◆ **Task requirements**
Quote exactly the lines spanning from the top of the data below to the line that contains "Etniska armband i", including both.
------------------------------------------------------------------------
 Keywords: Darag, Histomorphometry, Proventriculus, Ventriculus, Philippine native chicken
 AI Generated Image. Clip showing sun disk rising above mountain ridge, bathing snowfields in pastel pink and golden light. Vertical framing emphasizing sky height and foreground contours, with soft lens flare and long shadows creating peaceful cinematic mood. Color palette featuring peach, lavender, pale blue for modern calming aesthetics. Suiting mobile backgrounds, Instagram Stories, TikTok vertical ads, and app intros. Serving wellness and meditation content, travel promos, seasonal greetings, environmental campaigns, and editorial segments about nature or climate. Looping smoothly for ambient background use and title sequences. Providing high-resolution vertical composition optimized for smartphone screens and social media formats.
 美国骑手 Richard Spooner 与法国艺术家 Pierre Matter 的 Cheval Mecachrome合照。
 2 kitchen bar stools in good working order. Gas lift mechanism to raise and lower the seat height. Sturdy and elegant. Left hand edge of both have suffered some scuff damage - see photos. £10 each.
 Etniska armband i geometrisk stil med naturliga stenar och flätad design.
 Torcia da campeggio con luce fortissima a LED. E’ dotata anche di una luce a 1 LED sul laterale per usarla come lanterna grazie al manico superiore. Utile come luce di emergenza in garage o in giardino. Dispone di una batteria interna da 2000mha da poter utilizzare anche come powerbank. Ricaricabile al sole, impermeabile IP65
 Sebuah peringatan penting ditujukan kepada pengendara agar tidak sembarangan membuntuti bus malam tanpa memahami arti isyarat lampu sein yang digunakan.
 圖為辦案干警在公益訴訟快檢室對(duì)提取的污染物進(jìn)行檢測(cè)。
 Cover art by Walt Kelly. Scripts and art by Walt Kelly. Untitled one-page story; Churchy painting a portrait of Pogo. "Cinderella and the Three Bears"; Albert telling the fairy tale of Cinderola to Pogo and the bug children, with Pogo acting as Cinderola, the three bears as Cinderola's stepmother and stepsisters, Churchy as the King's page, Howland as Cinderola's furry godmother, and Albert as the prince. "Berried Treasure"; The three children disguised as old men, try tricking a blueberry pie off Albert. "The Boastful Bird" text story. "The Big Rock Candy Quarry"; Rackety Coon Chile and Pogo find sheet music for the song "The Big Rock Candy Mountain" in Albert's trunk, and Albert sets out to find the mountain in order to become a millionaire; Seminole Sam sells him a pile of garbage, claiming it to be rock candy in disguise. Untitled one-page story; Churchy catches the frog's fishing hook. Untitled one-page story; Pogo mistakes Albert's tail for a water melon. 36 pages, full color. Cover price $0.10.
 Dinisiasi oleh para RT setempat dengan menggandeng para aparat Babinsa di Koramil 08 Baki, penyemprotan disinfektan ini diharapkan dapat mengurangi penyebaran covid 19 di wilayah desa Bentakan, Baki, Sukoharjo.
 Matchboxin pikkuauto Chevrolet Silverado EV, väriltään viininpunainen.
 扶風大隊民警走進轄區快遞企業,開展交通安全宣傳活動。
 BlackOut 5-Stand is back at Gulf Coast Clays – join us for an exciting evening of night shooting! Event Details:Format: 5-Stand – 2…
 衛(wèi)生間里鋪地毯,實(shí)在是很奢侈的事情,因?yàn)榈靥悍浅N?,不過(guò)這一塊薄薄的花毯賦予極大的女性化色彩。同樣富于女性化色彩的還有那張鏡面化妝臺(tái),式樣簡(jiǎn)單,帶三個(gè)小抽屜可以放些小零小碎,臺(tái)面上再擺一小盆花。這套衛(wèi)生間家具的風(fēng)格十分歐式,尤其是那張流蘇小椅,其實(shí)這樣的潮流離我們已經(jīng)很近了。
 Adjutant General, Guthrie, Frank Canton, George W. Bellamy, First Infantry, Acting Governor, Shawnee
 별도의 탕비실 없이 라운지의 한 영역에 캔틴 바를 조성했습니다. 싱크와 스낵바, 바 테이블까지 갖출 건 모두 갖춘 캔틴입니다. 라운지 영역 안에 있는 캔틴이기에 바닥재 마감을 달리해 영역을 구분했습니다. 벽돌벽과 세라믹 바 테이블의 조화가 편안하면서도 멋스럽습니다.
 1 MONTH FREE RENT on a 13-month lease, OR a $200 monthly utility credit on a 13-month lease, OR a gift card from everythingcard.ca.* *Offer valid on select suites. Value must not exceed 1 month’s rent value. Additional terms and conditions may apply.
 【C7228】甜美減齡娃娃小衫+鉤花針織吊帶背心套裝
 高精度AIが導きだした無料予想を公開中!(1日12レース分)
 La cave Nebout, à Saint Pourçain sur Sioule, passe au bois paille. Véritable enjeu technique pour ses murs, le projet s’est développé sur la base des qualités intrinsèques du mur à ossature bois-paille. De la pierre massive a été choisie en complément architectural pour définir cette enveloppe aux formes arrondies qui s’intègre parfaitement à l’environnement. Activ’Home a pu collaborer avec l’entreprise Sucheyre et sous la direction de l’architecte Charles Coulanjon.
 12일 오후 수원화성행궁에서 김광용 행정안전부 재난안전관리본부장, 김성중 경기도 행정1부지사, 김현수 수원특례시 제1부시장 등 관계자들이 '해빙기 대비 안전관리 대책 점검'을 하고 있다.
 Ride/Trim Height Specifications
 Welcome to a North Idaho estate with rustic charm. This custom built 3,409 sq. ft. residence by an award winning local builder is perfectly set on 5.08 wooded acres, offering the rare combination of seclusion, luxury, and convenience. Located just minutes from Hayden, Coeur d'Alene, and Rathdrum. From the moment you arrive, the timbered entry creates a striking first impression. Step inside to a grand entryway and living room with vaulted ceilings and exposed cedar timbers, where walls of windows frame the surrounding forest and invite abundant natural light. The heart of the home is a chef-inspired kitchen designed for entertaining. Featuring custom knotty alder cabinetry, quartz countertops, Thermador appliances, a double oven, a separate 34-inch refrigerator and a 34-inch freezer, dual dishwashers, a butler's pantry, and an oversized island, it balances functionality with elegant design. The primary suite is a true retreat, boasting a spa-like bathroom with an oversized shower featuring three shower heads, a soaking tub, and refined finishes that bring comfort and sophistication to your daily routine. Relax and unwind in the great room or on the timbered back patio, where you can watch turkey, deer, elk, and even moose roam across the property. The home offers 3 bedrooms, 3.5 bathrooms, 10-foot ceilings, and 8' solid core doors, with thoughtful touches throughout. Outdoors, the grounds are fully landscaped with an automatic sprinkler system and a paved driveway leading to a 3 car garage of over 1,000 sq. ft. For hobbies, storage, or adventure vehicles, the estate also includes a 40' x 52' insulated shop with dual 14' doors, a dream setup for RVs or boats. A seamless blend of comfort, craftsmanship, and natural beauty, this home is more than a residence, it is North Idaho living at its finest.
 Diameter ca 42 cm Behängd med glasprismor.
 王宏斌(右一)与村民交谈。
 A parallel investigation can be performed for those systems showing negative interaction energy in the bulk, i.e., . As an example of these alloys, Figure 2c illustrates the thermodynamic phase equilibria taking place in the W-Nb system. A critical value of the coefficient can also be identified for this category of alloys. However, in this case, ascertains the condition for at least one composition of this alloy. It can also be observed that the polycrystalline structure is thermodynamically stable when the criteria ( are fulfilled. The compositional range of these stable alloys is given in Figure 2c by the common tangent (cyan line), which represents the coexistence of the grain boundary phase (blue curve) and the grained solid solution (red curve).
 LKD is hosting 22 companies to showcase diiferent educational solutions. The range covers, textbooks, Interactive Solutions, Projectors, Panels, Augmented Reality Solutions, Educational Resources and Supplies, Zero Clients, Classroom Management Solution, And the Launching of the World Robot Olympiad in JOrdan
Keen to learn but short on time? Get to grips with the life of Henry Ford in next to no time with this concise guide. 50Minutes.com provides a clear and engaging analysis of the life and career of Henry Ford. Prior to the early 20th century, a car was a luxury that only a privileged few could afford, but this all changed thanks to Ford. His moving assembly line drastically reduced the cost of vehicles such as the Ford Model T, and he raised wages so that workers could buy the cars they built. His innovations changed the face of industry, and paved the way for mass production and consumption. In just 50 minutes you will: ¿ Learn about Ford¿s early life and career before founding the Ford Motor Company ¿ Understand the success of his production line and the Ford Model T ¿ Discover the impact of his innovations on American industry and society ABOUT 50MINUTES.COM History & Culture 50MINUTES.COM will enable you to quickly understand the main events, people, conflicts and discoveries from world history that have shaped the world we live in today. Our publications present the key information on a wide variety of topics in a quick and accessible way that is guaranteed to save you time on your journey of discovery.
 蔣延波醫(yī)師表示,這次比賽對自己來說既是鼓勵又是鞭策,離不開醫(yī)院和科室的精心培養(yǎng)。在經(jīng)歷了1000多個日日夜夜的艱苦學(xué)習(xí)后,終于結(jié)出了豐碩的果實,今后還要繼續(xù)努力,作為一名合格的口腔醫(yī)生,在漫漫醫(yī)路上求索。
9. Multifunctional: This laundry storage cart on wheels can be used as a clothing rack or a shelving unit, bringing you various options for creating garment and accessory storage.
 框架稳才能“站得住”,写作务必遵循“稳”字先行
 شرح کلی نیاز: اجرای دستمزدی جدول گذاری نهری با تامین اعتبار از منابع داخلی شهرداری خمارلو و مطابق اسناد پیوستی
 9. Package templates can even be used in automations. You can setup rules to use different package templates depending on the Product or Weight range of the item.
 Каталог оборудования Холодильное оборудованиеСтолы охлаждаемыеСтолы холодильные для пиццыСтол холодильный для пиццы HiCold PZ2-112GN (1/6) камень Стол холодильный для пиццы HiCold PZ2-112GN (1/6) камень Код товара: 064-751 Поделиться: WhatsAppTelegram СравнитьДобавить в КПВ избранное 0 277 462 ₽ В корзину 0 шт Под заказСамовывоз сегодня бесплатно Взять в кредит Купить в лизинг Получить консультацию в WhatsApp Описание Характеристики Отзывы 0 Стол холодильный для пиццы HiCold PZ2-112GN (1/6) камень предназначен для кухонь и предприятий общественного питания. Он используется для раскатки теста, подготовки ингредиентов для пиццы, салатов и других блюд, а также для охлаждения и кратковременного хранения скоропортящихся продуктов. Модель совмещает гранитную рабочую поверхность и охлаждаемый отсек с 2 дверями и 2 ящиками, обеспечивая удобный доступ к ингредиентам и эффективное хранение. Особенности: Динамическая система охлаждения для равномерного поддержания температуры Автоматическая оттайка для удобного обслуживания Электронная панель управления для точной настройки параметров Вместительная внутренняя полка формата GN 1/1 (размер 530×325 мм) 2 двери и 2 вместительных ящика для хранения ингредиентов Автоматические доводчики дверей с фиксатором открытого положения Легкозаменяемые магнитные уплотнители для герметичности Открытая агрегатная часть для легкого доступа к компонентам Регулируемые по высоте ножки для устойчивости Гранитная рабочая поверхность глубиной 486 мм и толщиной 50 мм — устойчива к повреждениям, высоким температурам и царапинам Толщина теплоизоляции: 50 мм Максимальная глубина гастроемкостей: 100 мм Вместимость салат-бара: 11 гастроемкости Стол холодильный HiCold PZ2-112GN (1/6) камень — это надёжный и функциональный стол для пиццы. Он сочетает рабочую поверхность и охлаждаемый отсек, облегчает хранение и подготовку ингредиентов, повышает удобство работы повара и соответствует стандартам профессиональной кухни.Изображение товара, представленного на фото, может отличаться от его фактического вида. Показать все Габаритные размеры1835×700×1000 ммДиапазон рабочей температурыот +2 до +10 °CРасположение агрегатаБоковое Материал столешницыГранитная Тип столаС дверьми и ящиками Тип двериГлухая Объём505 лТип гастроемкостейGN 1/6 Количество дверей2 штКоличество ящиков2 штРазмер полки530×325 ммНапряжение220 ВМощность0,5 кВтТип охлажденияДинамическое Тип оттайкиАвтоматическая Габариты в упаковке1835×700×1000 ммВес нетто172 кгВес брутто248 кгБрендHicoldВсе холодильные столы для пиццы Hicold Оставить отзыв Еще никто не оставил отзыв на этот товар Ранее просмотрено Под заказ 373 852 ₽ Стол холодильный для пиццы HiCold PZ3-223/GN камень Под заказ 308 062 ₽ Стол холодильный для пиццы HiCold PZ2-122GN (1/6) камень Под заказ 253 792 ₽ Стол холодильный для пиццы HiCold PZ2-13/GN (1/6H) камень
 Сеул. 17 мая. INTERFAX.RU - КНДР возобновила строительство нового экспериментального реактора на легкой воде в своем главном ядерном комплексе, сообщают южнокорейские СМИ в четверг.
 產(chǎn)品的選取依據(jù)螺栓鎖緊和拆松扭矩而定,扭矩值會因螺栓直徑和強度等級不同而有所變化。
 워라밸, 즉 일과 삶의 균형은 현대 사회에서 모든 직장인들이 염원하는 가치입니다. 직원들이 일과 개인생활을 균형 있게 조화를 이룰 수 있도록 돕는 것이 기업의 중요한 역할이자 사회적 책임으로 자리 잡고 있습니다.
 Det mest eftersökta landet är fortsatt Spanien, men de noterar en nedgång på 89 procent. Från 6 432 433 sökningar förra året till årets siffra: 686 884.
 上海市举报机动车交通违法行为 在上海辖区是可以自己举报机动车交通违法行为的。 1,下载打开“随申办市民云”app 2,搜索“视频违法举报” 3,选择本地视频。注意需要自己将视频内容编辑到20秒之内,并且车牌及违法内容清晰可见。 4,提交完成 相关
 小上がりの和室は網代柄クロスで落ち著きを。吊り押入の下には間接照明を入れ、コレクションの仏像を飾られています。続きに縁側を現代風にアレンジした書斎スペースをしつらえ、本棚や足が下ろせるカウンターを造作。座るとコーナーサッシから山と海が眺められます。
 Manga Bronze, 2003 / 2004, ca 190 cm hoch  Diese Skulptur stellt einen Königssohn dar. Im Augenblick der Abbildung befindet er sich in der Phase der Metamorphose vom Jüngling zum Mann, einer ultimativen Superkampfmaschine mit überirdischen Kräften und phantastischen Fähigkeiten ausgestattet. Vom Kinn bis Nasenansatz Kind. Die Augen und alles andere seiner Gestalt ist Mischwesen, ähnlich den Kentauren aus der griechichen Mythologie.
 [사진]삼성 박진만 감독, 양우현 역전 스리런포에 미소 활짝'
------------------------------------------------------------------------
◆ **Answer for this exercise**
 Keywords: Darag, Histomorphometry, Proventriculus, Ventriculus, Philippine native chicken
 AI Generated Image. Clip showing sun disk rising above mountain ridge, bathing snowfields in pastel pink and golden light. Vertical framing emphasizing sky height and foreground contours, with soft lens flare and long shadows creating peaceful cinematic mood. Color palette featuring peach, lavender, pale blue for modern calming aesthetics. Suiting mobile backgrounds, Instagram Stories, TikTok vertical ads, and app intros. Serving wellness and meditation content, travel promos, seasonal greetings, environmental campaigns, and editorial segments about nature or climate. Looping smoothly for ambient background use and title sequences. Providing high-resolution vertical composition optimized for smartphone screens and social media formats.
 美国骑手 Richard Spooner 与法国艺术家 Pierre Matter 的 Cheval Mecachrome合照。
 2 kitchen bar stools in good working order. Gas lift mechanism to raise and lower the seat height. Sturdy and elegant. Left hand edge of both have suffered some scuff damage - see photos. £10 each.
 Etniska armband i geometrisk stil med naturliga stenar och flätad design.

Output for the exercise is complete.